De même, dans le domaine de l'armement, un accord intergouvernemental avait permis de solder la procédure d'achat de 36 Rafale. Pour ce type de relations impliquant des transferts de technologies dans le cadre des compensations industrielles (ou offset) prévues en contrepartie de la commande indienne, la procédure d'accord de gouvernement à gouvernement doit bénéficier de la solidarité interministérielle afin de garantir l'attractivité de la candidature française aux appels d'offre indiens, lorsqu'ils ne sont pas remplacés par des productions domestiques.

Enfin, la coopération bilatérale dans le domaine de la défense progressera d'autant plus aisément qu'un socle juridique stable applicable aux militaires de chaque pays sera défini, applicable dans l'océan Indien (en application de l'accord de soutien logistique réciproque) comme sur la base de Mérignac où sont formés les pilotes indiens du Rafale. L'établissement d'un accord de statut des forces à l'étranger, ou Status of Forces Agreement (SOFA), formalisant l'entente juridique entre un pays et une nation étrangère stationnant des forces armées dans ce pays est en effet la traduction de la confiance que les partenaires s'accordent.

Troisième proposition : Consolider le partenariat par la signature d'accord d'État à État dans le domaine de la défense et par la mise en oeuvre d'actions de diplomatie parlementaire dans le secteur de l'énergie nucléaire civil.

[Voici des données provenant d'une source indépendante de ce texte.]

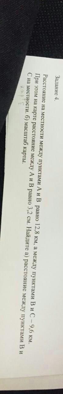 Ответ: расстояние между пунктами B и C на карте 2,4 см, масштаб карты 1:400000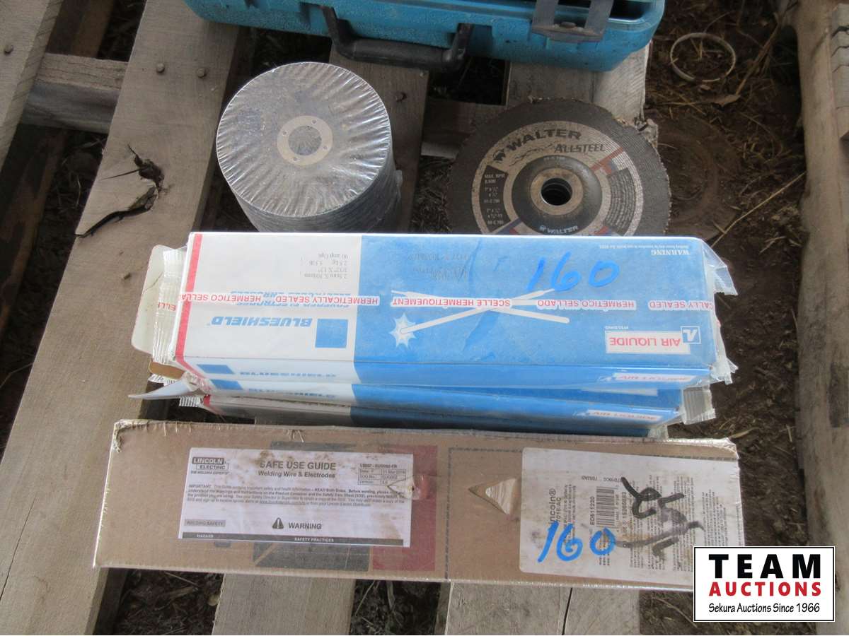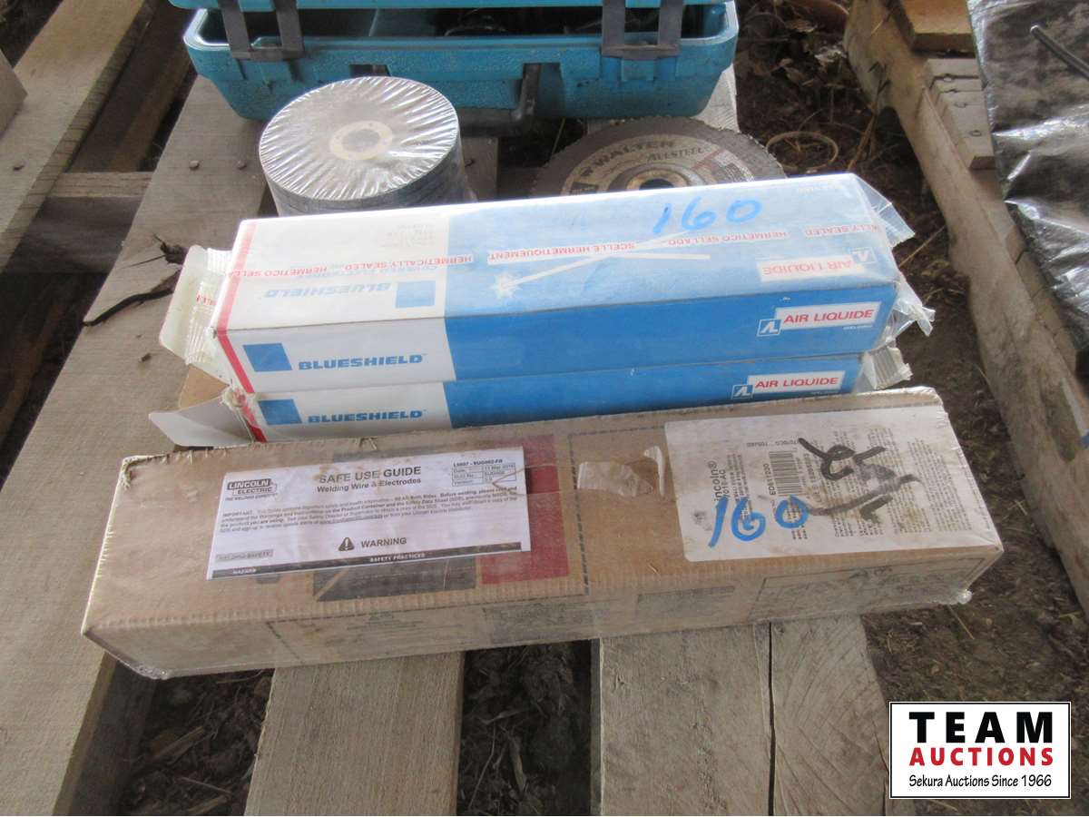 (3 1/2) boxes of 7018 3/32 welding rod, 4 1/2" grinding discs, miscellaneous discs
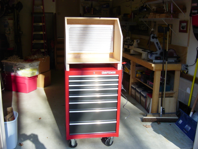 I placed the spray booth on a Craftsman tool cabinet. This allows me to move it out of the way when it is not being used.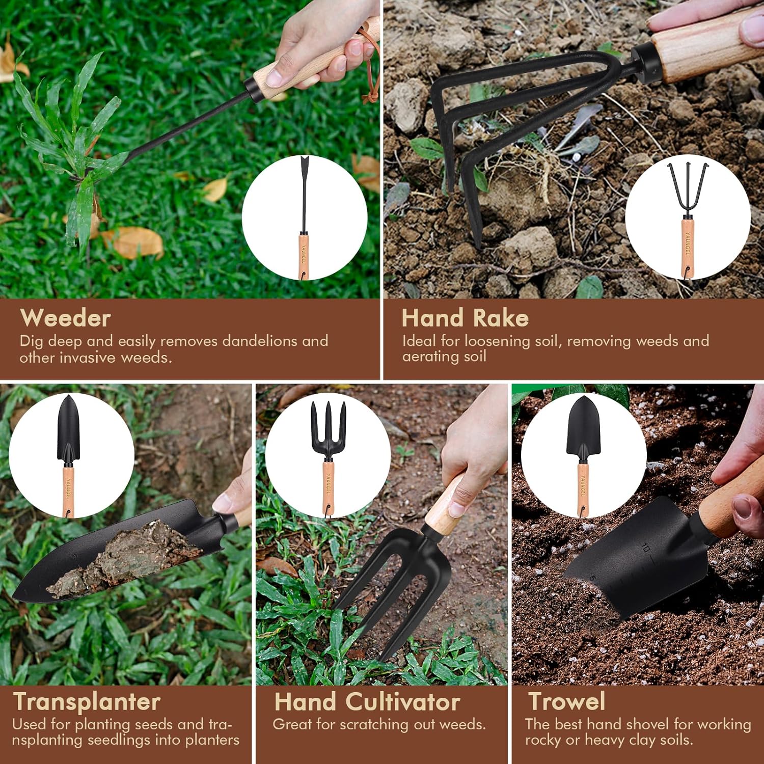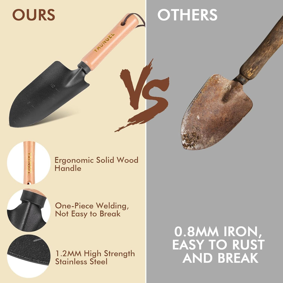- Komfortabler Griff - Der gut gestaltete Griff aus Eschenholz liegt gut in der Hand und reduziert Handschmerzen und Ermüdung beim Graben, Jäten und Pflanzen. Die Unterseite des Griffs ist mit einem Kuhfellband versehen, um die Aufbewahrung zu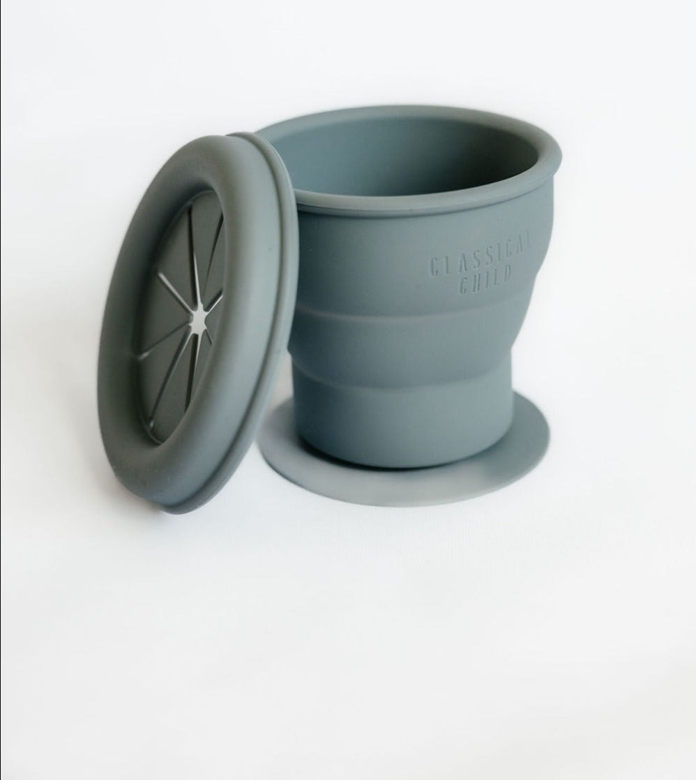 Because snacking doesn't need to be messy. Stop the spills! Crafted in soft silicone, this snack container is designed for on the go convenience. Spill proof lid features special flaps to make it easy for little hands. Shake, throw or tip upside down and the contents stay inside. Removable lid for cleaning. Collapsible to adjust to the amount of contents and for easy storage. Featuring suction to keep it in place on flat surfaces.
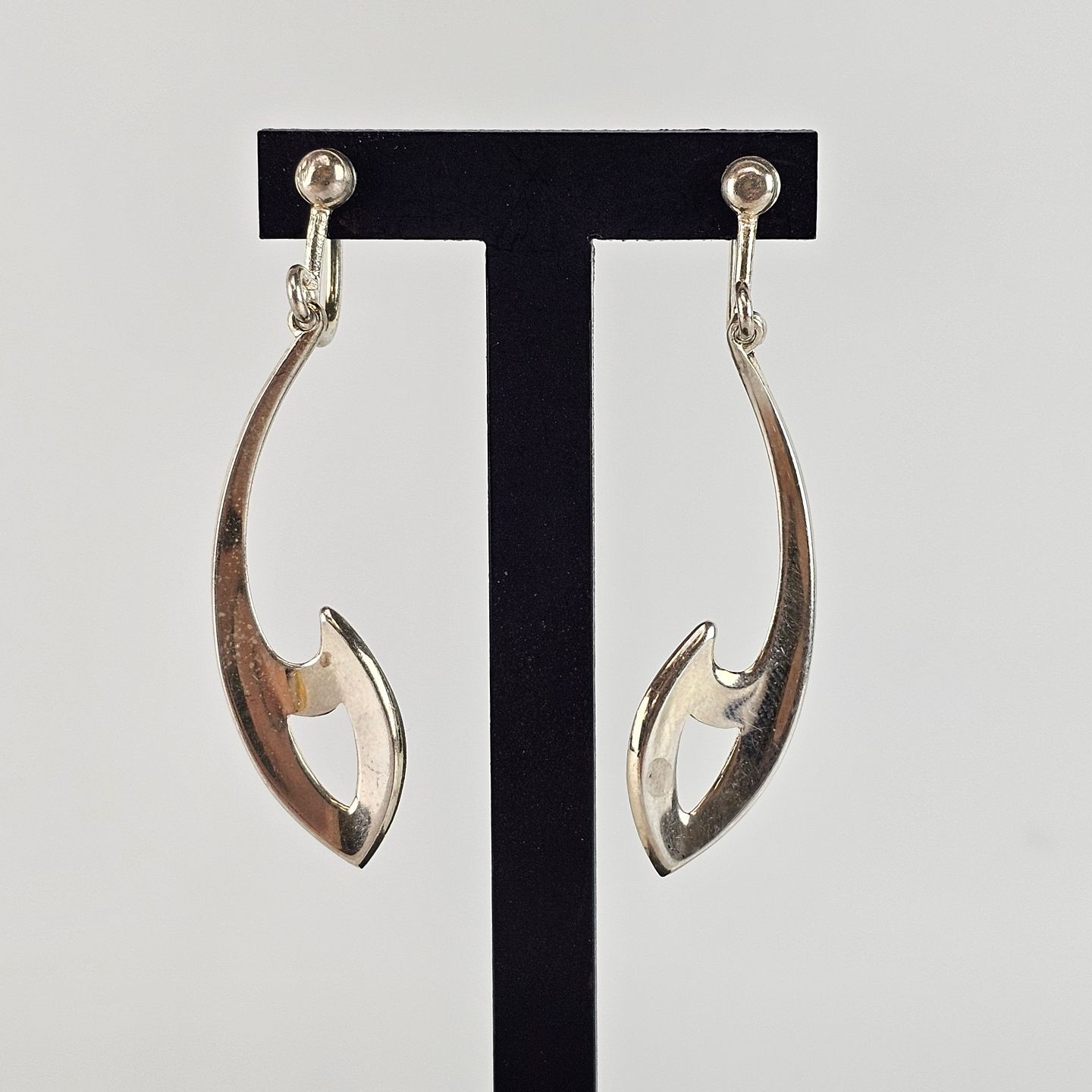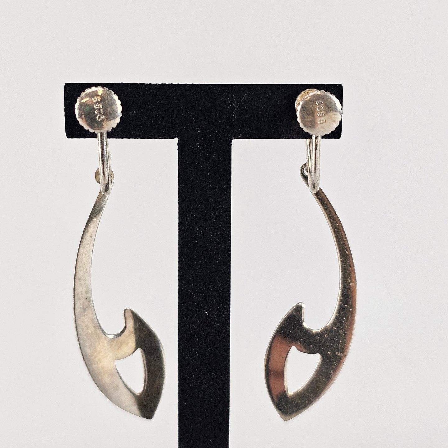 Lange sølv ørering med skruelås.Stemplet 925s, formentlig Hans Jensen

4. Agir de façon pragmatique dans le domaine économique : devenir partenaire de la politique du « fabriquer en Inde », en s'appuyant sur des secteurs force

La politique dite « Make in India », ou fabriquer en Inde, sortira plus prioritaire que jamais de la crise économique mondiale induite par la pandémie de covid-19. Dans ce contexte, la France, dont les groupes et entreprises ont fait très tôt le choix de l'internationalisation au long cours, s'implantant sur les marchés en croissance, doit devenir partenaire de cette politique indienne, sans naïveté. Les transferts de technologie, de savoir-faire découlant du « Make in India » obligent à maintenir un effort considérable en recherche et développement pour rester un partenaire intéressant, notamment dans l'optique du développement d'exportations depuis l'Inde vers les pays de la zone indopacifique.

Le dialogue innovant mis en oeuvre par New Delhi et Paris pour résoudre les éventuels blocages dus aux droits de douane, aux barrières fiscales ou toutes autres normes doit encore s'enrichir pour permettre de maximiser l'ouverture du marché indien aux entreprises françaises, et réciproquement. Les entreprises françaises ont de réelles opportunités à approfondir ou saisir dans les secteurs de l'industrie pharmaceutique, des énergies renouvelables, du développement urbain et des villes intelligentes, ou encore les secteurs numérique ou spatial, reposant sur de très hautes technologies duales. L'action de l'AFD priorisant les secteurs d'excellence et d'expertise français est limitée par les modalités de son intervention en Inde. L'aboutissement de la procédure de révision de l'accord de coopération encadrant les activités de l'AFD, afin de pouvoir intervenir par des prêts directs auprès des entreprises publiques rattachées aux États est une priorité.

Quatrième proposition : Bâtir une stratégie économique accompagnant le « Make in India » s'appuyant sur des modalités d'intervention renforcées par l'AFD.